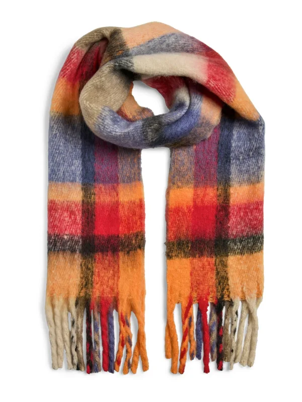 Specificaties: PIECES Sjaal ‘PCMIDA’ crème / navy / oranje / knalrood
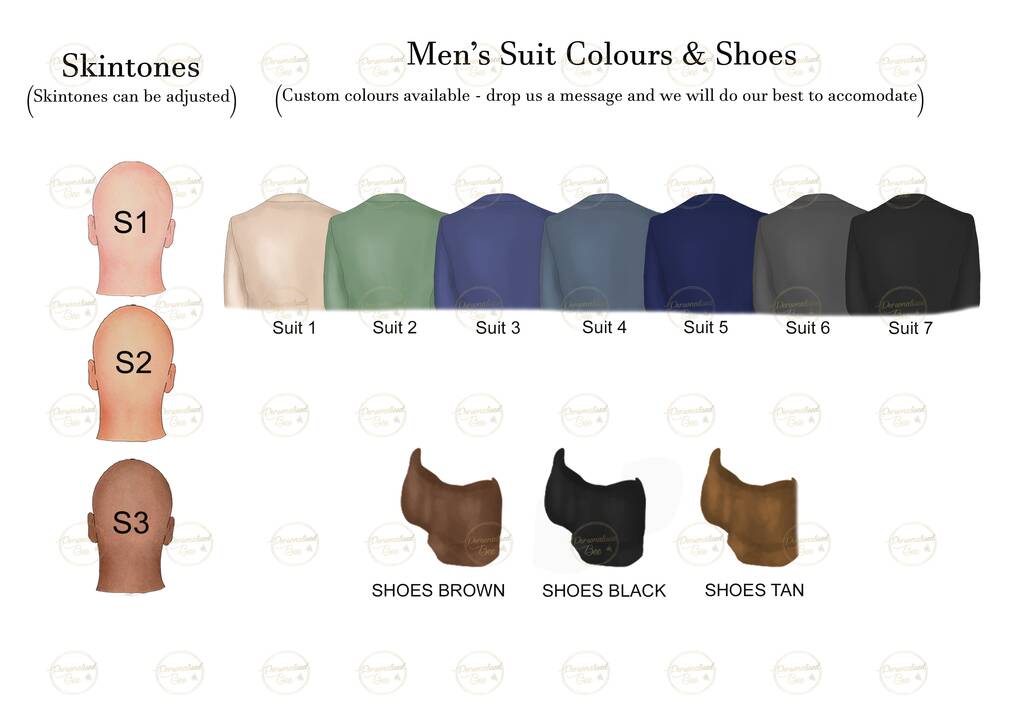 This acrylic plaque can be fully personalised to reflect your family. Select hairstyles, outfits, and skin tones to represent the bride, mum, and dad. Add names beneath the illustration, along with a date or personal message, for a unique touch.
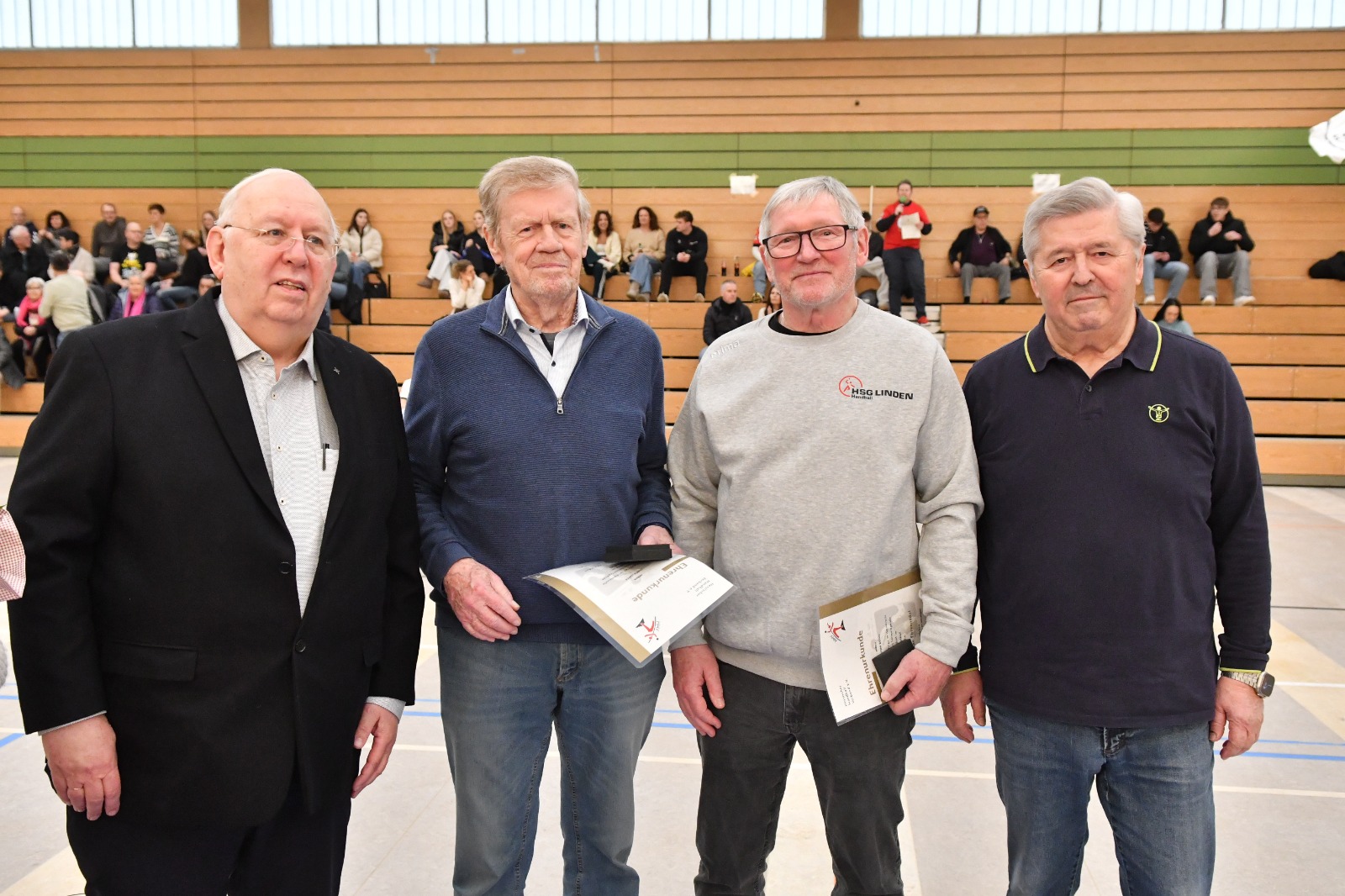 Mit dem Leiter der HSG Linden, Lothar Weigel, und der „treibenden Kraft der HSG Linden“, Ulrich Lepper, wurden zwei echte Handball-Institutionen mit der höchsten Auszeichnung des Hessischen Handball-Verbands (HHV) geehrt. HHV-Präsident Gunter Eckart (Kirchbrombach) verlieh beiden die Ehrennadel in Gold. Vor dem Oberliga Mitte Heimspiel gegen die TSG Oberursel in der Lindener Stadthalle bat der Vorsitzende des TV 1892 Großen-Linden und HHV-Ehrenmitglied Josef Semmelroth, zur Ehrung und würdigte dabei die außergewöhnlichen Verdienste der beiden Geehrten sowie ihren unermüdlichen Einsatz für den Handballsport. „Wir zeichnen heute zwei außergewöhnliche Ehrenamtliche aus, deren jahrzehntelanges Engagement den Handballsport in Linden und weit darüber hinaus nachhaltig geprägt hat“, so Semmelroth.
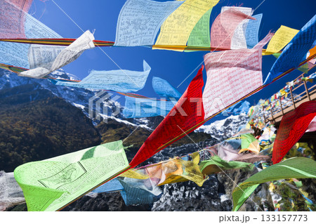 中国雲南省・風に靡くタルチョと梅里雪山・明永氷河 / Meili Snow Mountains

### Exercise directions
Write out, with no pictures, only the lines from the line containing "Mit dem Leiter" through the last line of the listing above, exactly and with both ends included.

### Exercise response
 Mit dem Leiter der HSG Linden, Lothar Weigel, und der „treibenden Kraft der HSG Linden“, Ulrich Lepper, wurden zwei echte Handball-Institutionen mit der höchsten Auszeichnung des Hessischen Handball-Verbands (HHV) geehrt. HHV-Präsident Gunter Eckart (Kirchbrombach) verlieh beiden die Ehrennadel in Gold. Vor dem Oberliga Mitte Heimspiel gegen die TSG Oberursel in der Lindener Stadthalle bat der Vorsitzende des TV 1892 Großen-Linden und HHV-Ehrenmitglied Josef Semmelroth, zur Ehrung und würdigte dabei die außergewöhnlichen Verdienste der beiden Geehrten sowie ihren unermüdlichen Einsatz für den Handballsport. „Wir zeichnen heute zwei außergewöhnliche Ehrenamtliche aus, deren jahrzehntelanges Engagement den Handballsport in Linden und weit darüber hinaus nachhaltig geprägt hat“, so Semmelroth.
 中国雲南省・風に靡くタルチョと梅里雪山・明永氷河 / Meili Snow Mountains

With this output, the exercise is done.